=== Entries shown ===
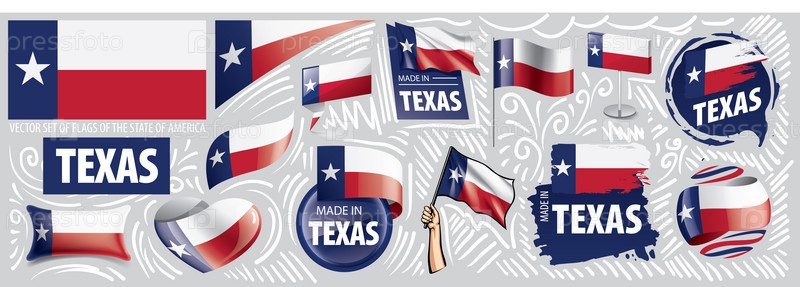 Векторный набор флагов американского штата Техас в различных исполнениях
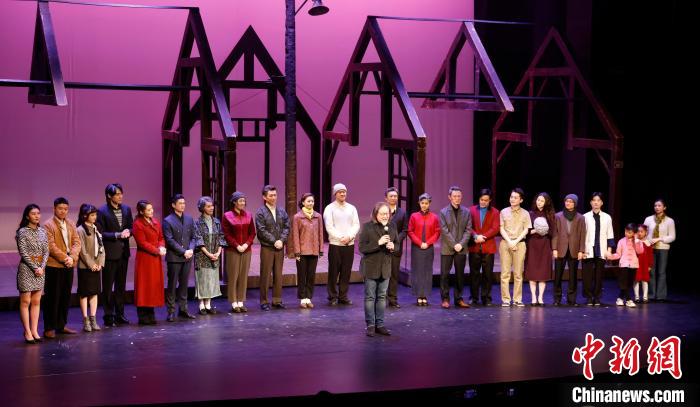 《寶島一村》專屬版第100場演出謝幕前,賴聲川攜演員向臺下觀眾鞠躬致意。(受訪者供圖)
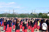 練習時間を終えると、全生徒が一堂に会し、メイングランドで整列場所の確認、準備体操の練習を行いました。
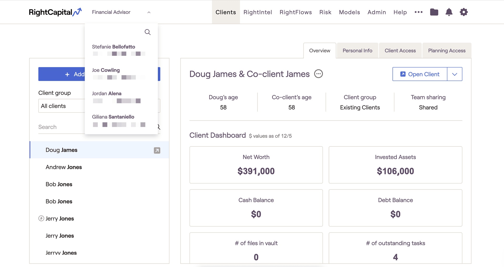 The Team Collaboration feature connects advisors working in the same firm, allowing them to view, edit and present financial plans created under affiliated advisors. This setting is available, upon request, for advisors who work together and hold Platinum subscriptions to RightCapital.
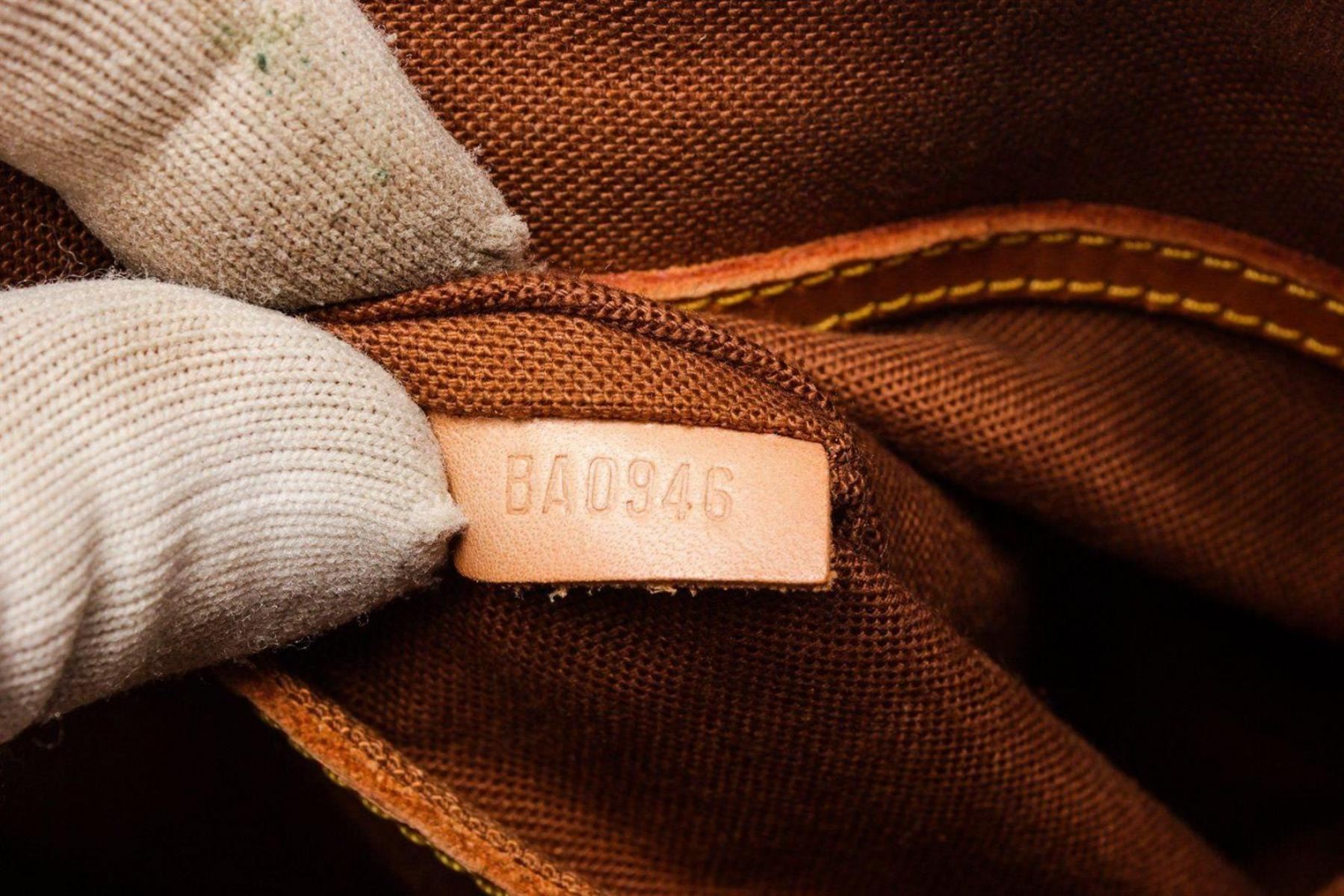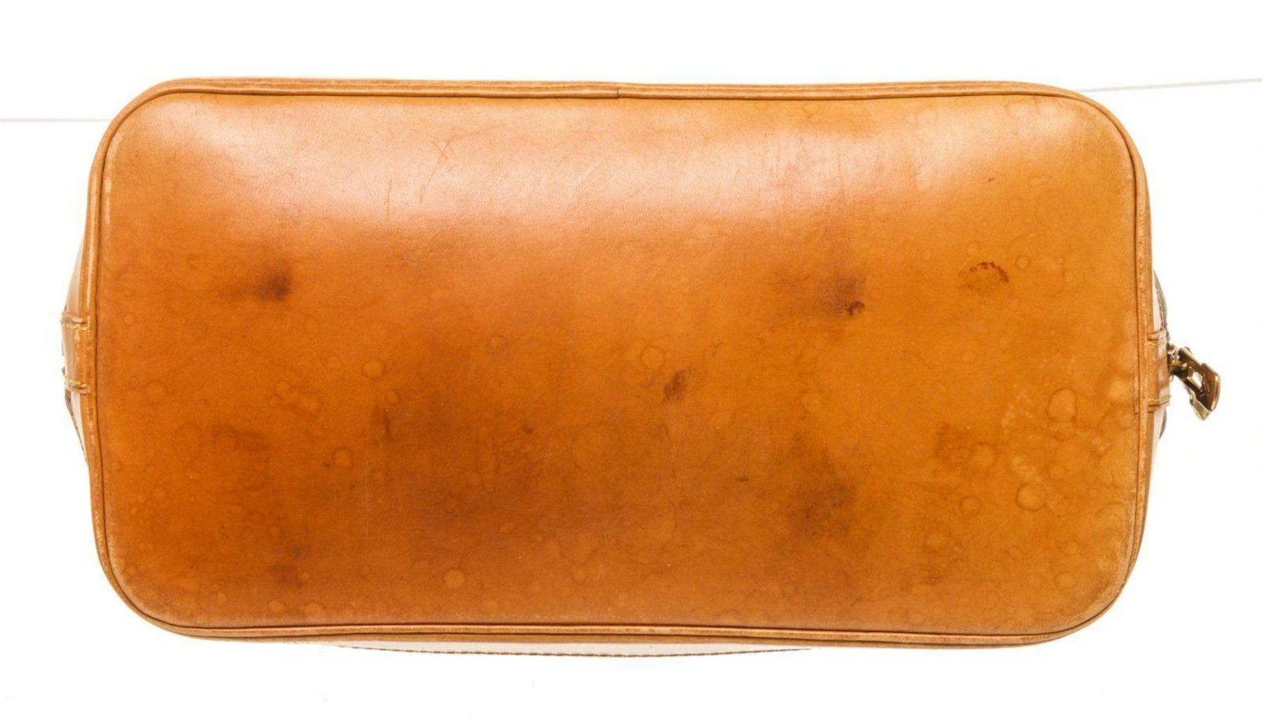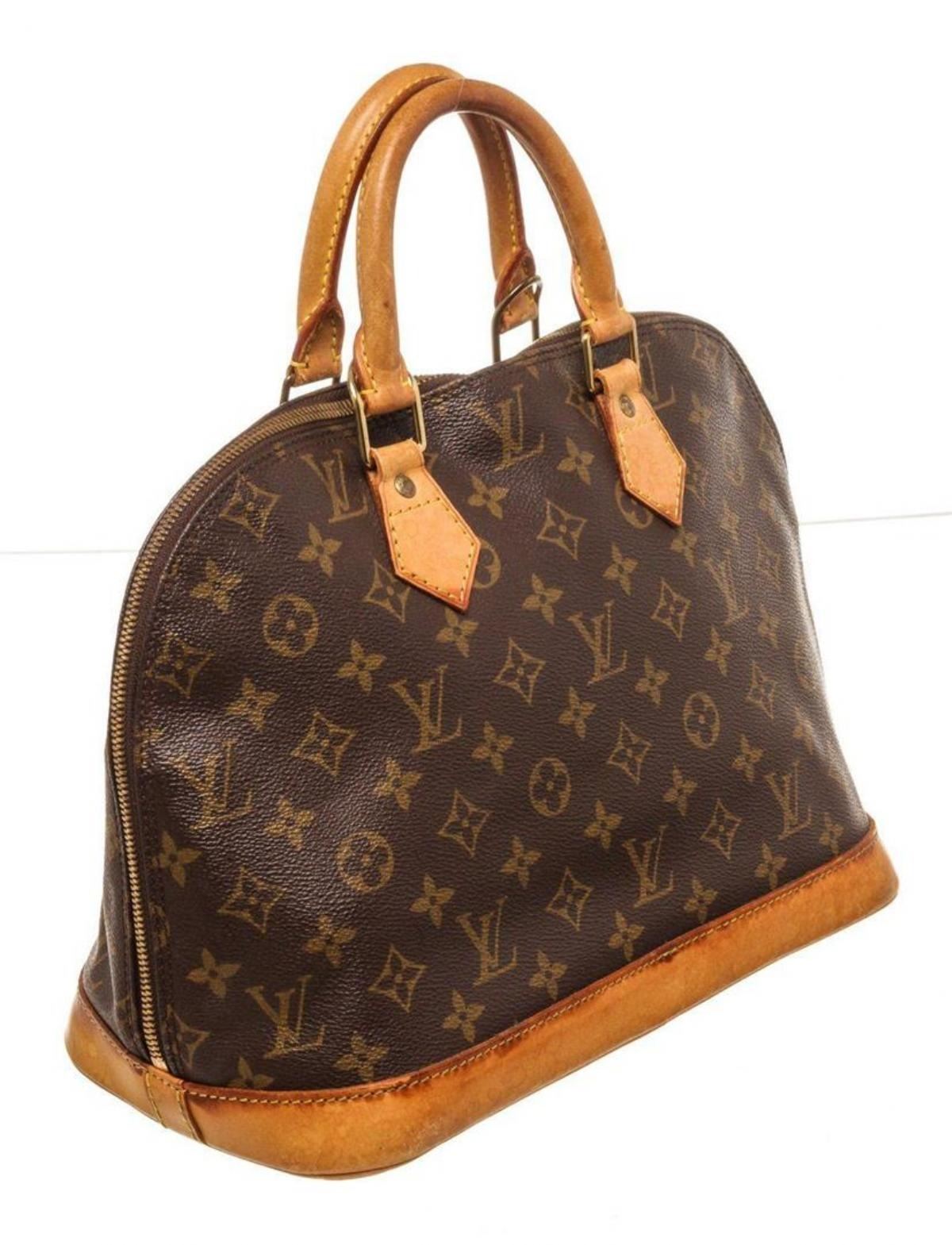 Louis Vuitton Brown Alma MM Satchel Bag with material monogram canvas, gold-tone hardware, trim tan vachetta leather, interior slip pockets, dual top handle and zipper closure.
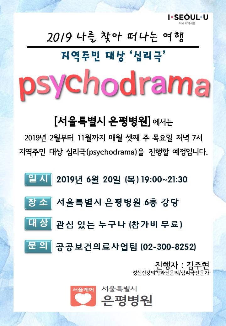 [서울특별시 은평병원]에서 6월 20일(목) 저녁 7시에 무료 심리극이 진행됩니다.
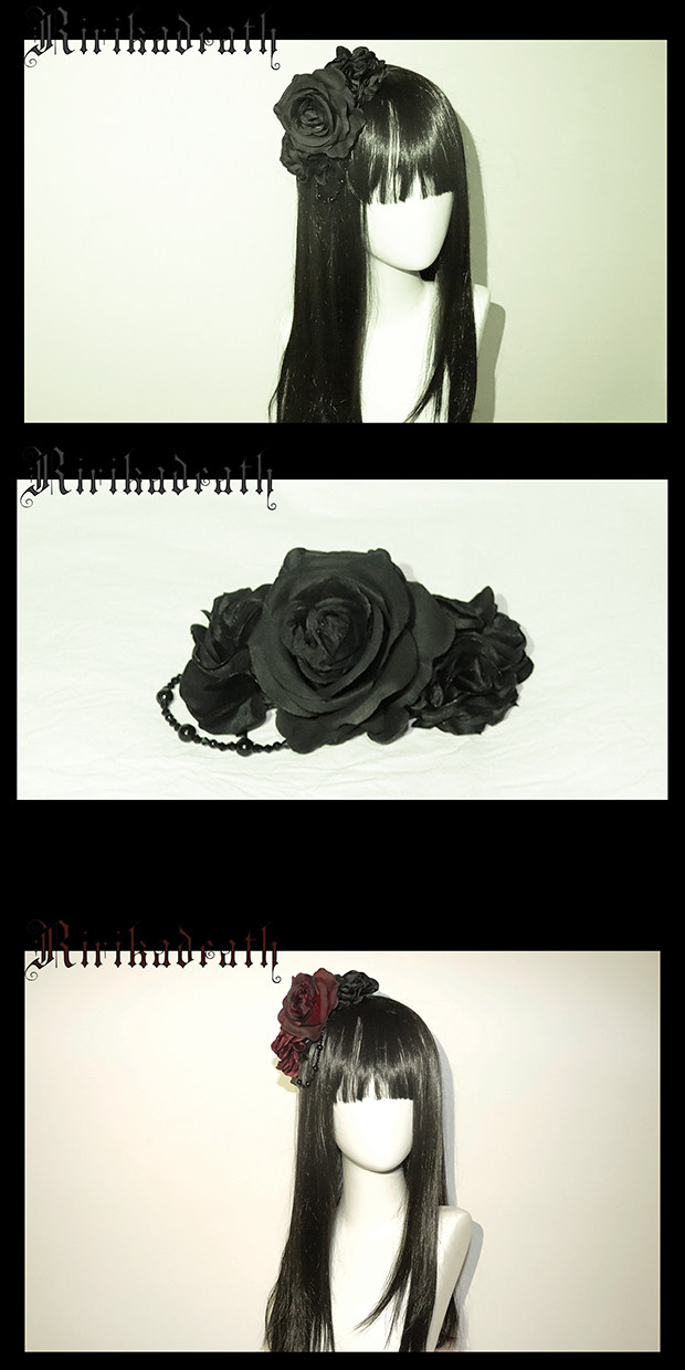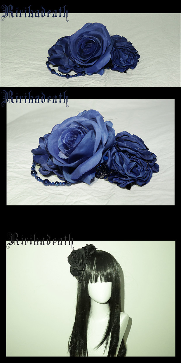 *ririkadeath*原创吊坠发夹10花朵串珠花丸黑色宝蓝色lolita发夹 [Original Page Link]
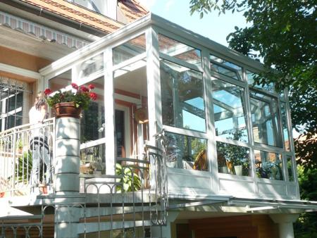 T34, Műanyag szerkezetű télikert üvegtetővel emeleti teraszon
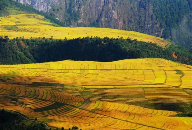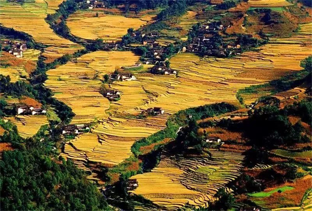 無(wú)論是北上而來(lái)還是南下而至,行經(jīng)大峽谷彎彎曲曲的幾道彎,映入眼簾的就是這塊開(kāi)闊的臺(tái)地,景色變換,讓人眼前豁然開(kāi)朗。可謂是“土地平曠,屋舍儼然……阡陌交通,雞犬相聞。”此時(shí),壩子的中心區(qū),每天迎接著前來(lái)拍照打卡的游人,不需要濾鏡,原圖直出即可收獲許多好評(píng)。

=== Required action ===
Images aside, return each entry above precisely as it stands.

=== Result ===
 Векторный набор флагов американского штата Техас в различных исполнениях
 《寶島一村》專屬版第100場演出謝幕前,賴聲川攜演員向臺下觀眾鞠躬致意。(受訪者供圖)
 練習時間を終えると、全生徒が一堂に会し、メイングランドで整列場所の確認、準備体操の練習を行いました。
 The Team Collaboration feature connects advisors working in the same firm, allowing them to view, edit and present financial plans created under affiliated advisors. This setting is available, upon request, for advisors who work together and hold Platinum subscriptions to RightCapital.
 Louis Vuitton Brown Alma MM Satchel Bag with material monogram canvas, gold-tone hardware, trim tan vachetta leather, interior slip pockets, dual top handle and zipper closure.
 [서울특별시 은평병원]에서 6월 20일(목) 저녁 7시에 무료 심리극이 진행됩니다.
 *ririkadeath*原创吊坠发夹10花朵串珠花丸黑色宝蓝色lolita发夹 [Original Page Link]
 T34, Műanyag szerkezetű télikert üvegtetővel emeleti teraszon
 無(wú)論是北上而來(lái)還是南下而至,行經(jīng)大峽谷彎彎曲曲的幾道彎,映入眼簾的就是這塊開(kāi)闊的臺(tái)地,景色變換,讓人眼前豁然開(kāi)朗。可謂是“土地平曠,屋舍儼然……阡陌交通,雞犬相聞。”此時(shí),壩子的中心區(qū),每天迎接著前來(lái)拍照打卡的游人,不需要濾鏡,原圖直出即可收獲許多好評(píng)。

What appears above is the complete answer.